** Exercise input follows **

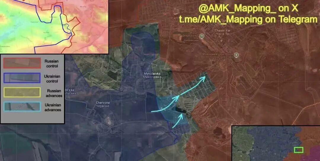 乌军在恰索夫亚尔方向的反攻,夺回了恰索夫亚尔变电站和污水处理厂,随后向东北方向推进,攻入邻近的舍甫琴科区。
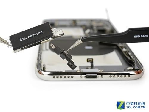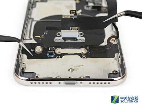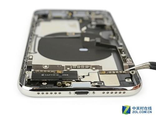 扬声器、防水橡胶、Tapic Engine震动模块、无线充电线圈等物拆除后,底部就算全拆干净了;但还有个神秘芯片来到了我们的视线。
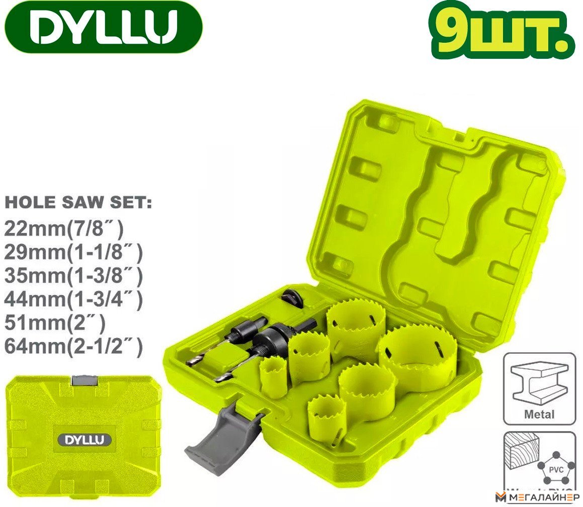 | Информация | - Биметаллическа коронка 22 мм (7/8'') - 1 шт. - Биметаллическа коронка 29 мм (1-1/8'') - 1 шт. - Биметаллическа коронка 35 мм (1-3/8'') - 1 шт. - Биметаллическа коронка 44 мм (1-3/4'') - 1 шт. - Биметаллическа коронка 51 мм (2'') - 1 шт. - Биметаллическа коронка 64 мм (2-1/2'') - 1 шт. - Оправка для коронок 9/16"~1-3/16" (хвостовик Hex 3/8") - 1 шт. - Оправка для коронок 1-1/4"~8-17/64" (хвостовик Hex 7/16") - 1 шт. - Оправка с резьбой 1/2-20 для коронок с резьбой 5/8-18 - 1 шт. - Кейс - Обратите внимание на качество и надежность каждого элемента в наборе! |
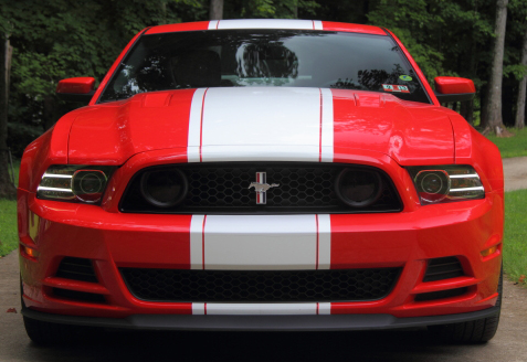 Installed Boss 302 grille, Roush chin splitter, tinted the fogs and Plastidip'd the deck lid panel.
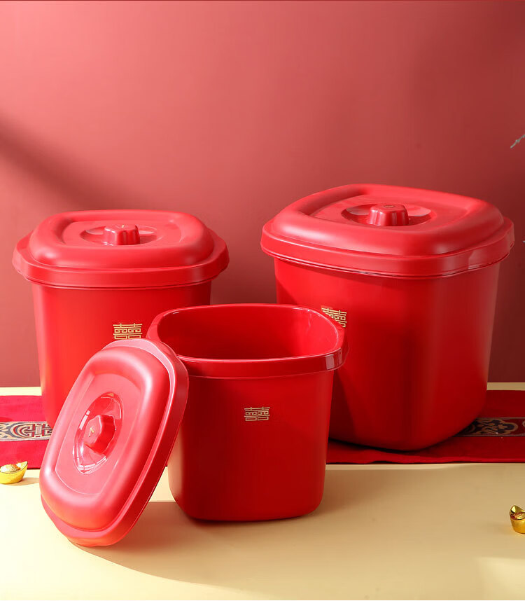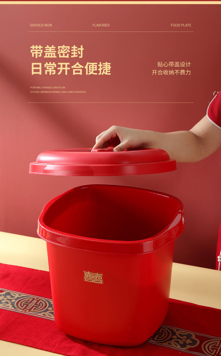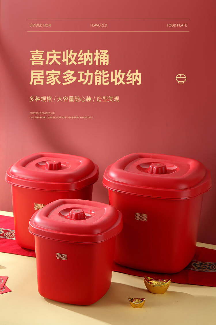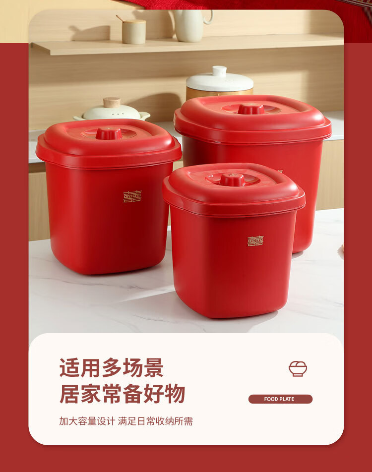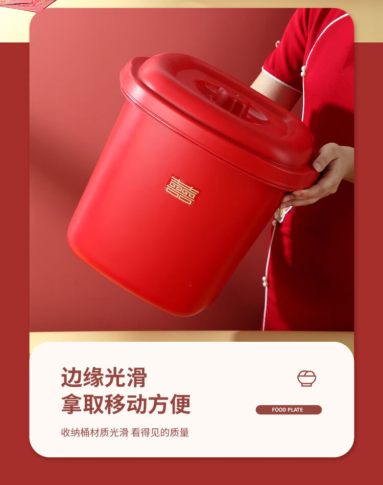 甲东里红色塑料桶厨房防潮防虫收纳储物结婚用品乔迁喜庆家用储米桶 喜庆红/大号(容量约40斤)
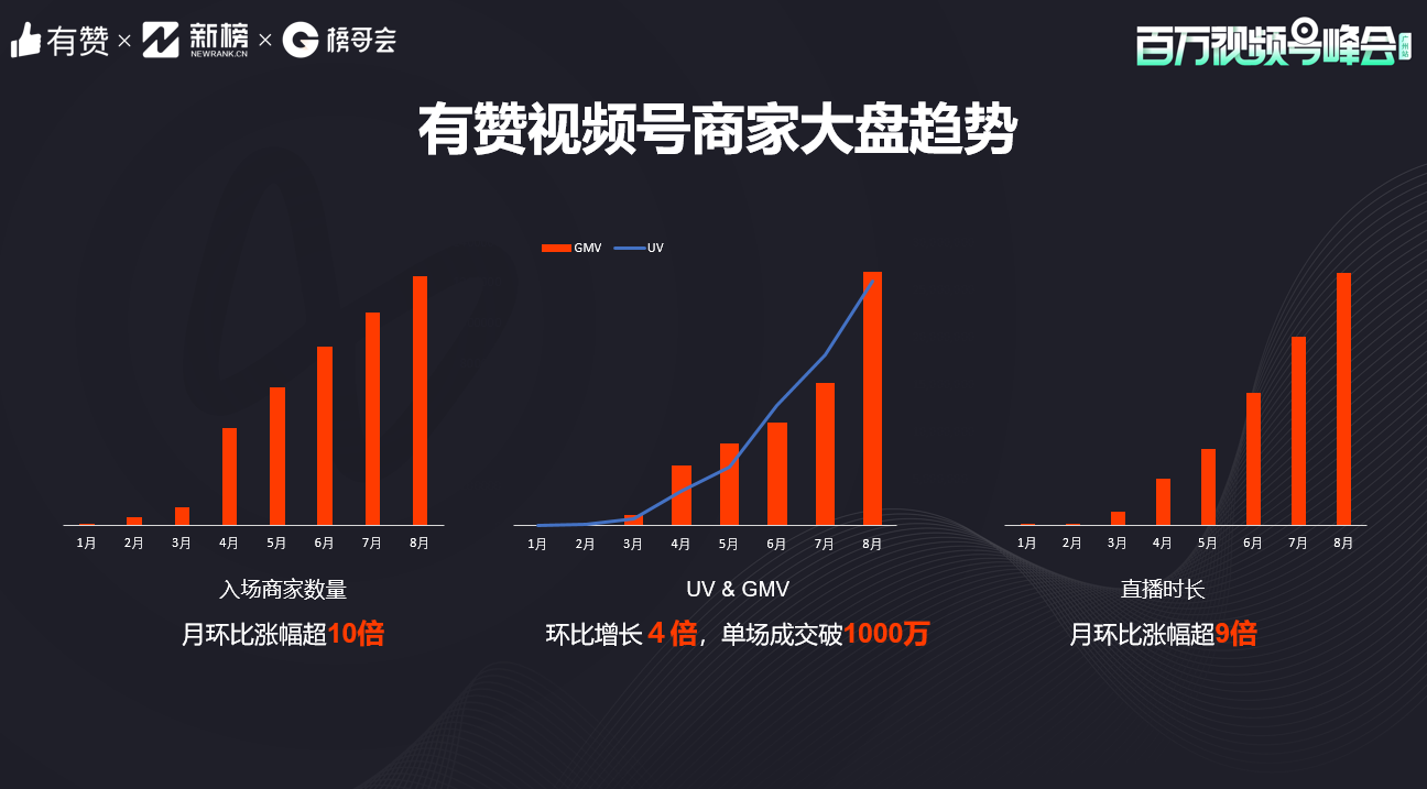 有赞数据显示,截至今年8月,视频号商家入场数增长迅猛,月环比涨幅超过10倍;此外,视频号带货GMV环比增长4倍,直播时长月环比超9倍。
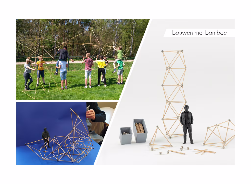 Bouwen met bamboe daagt leerlingen uit om constructieve kunstwerken van buitengewone grootte te ontwerpen en te bouwen. Onder leiding van een architect worden ze uitgedaagd om de stevigheid van verschillende vormen te onderzoeken met behulp van een magnetische constructieset. Ze worden geprikkeld om ontwerpend te denken en hun ruimtelijk inzicht wordt op de proef gesteld. Uiteindelijk combineren ze ruimtelijke figuren tot een groot kunstwerk enzullen ze goed moeten samenwerken bij het bouwen van hun ontwerp met bamboo en elastiek.
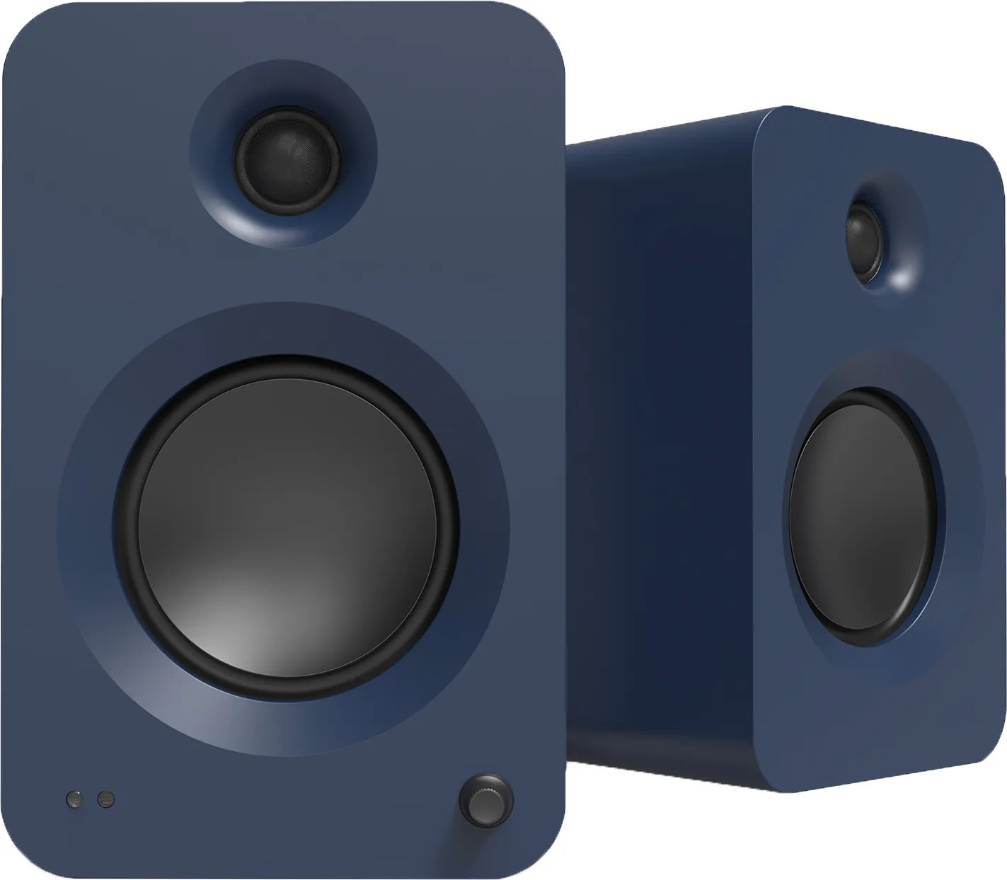 Chaque enceinte embarque un tweeter à dôme en soie de 25 mm et un haut-parleur médium/grave de 130 mm à cône aluminium concave. Ce woofer en aluminium, hérité du haut de gamme Kanto, combine rigidité et légèreté : deux qualités qui limitent la distorsion et permettent de restituer un bas médium propre, avec des voix bien présentes. Le dôme en soie, lui, apporte un aigu doux et naturel, moins agressif qu'un tweeter métallique ou AMT, ce qui convient aux longues sessions devant la TV où les sources peuvent parfois être un peu dures.
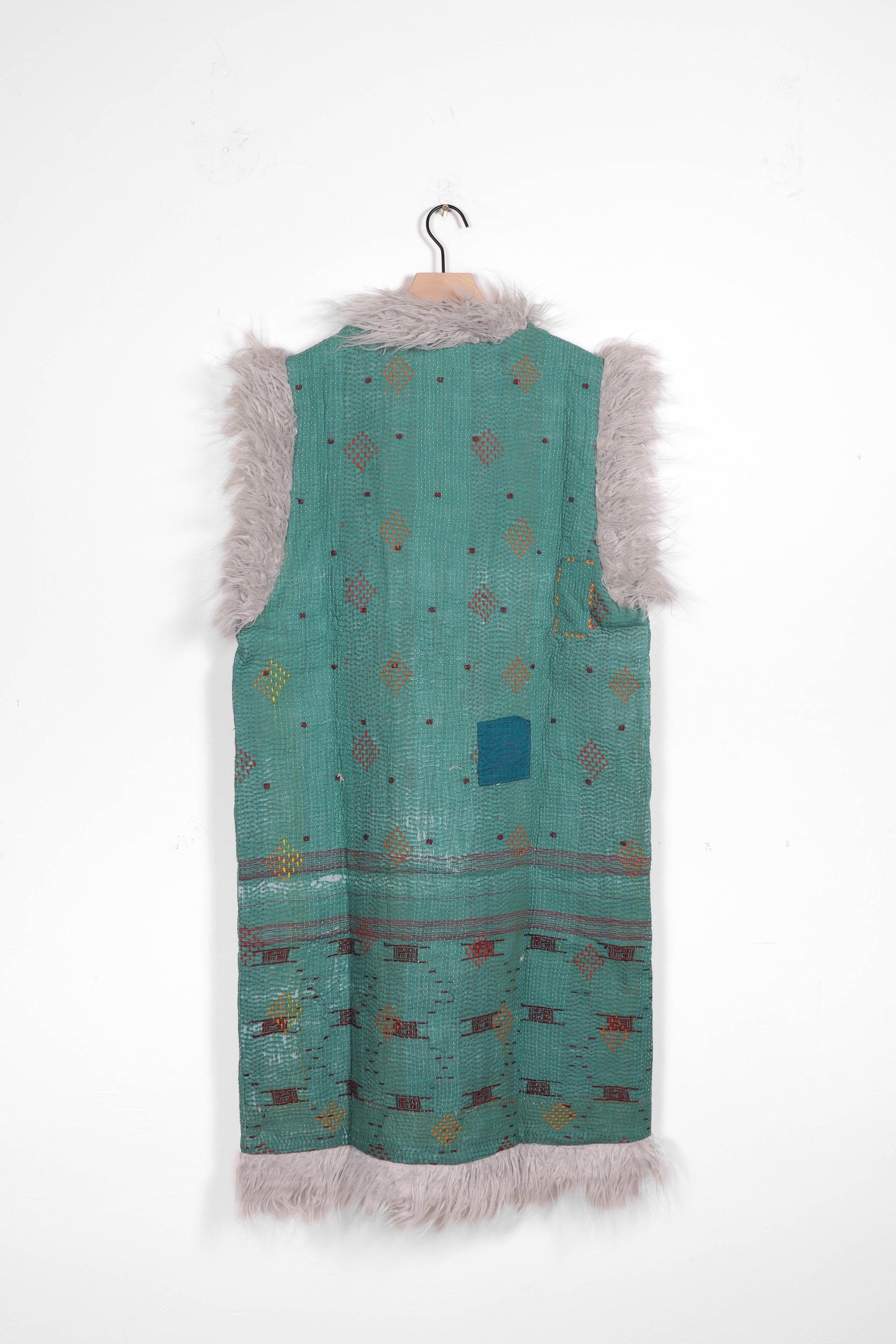 Every coat is one of a kind, made from a vintage kantha quilt. Layers of fabric bound by a hand sewn running stitch - your piece may have markings or worn areas that we find make our coats even more storied and unique.
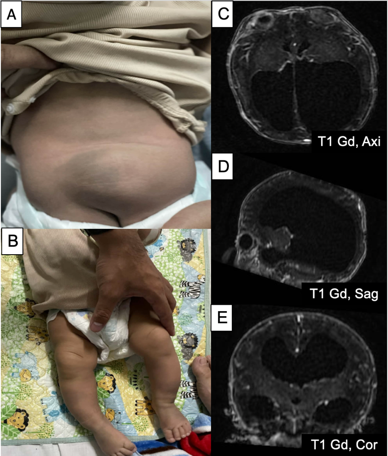 Hình 1. Hình ảnh khối thoát vị vùng cột sống thắt lưng cùng, hình vòm, bờ rõ, 5x7cm, phần da bao phủ còn nguyên vẹn (A), bàn chân khoèo (B), hình ảnh giãn não thất trên MRI chuỗi xung T1 Gado ở mặt phẳng cắt ngang (C), đứng dọc (D), đứng ngang (E)

** End of Exercise input **

_How to complete this task_
Where the line with "Every coat is" appears, begin there and transcribe exactly through the last line of the data, leaving all pictures aside.

_Exercise solution_
 Every coat is one of a kind, made from a vintage kantha quilt. Layers of fabric bound by a hand sewn running stitch - your piece may have markings or worn areas that we find make our coats even more storied and unique.
 Hình 1. Hình ảnh khối thoát vị vùng cột sống thắt lưng cùng, hình vòm, bờ rõ, 5x7cm, phần da bao phủ còn nguyên vẹn (A), bàn chân khoèo (B), hình ảnh giãn não thất trên MRI chuỗi xung T1 Gado ở mặt phẳng cắt ngang (C), đứng dọc (D), đứng ngang (E)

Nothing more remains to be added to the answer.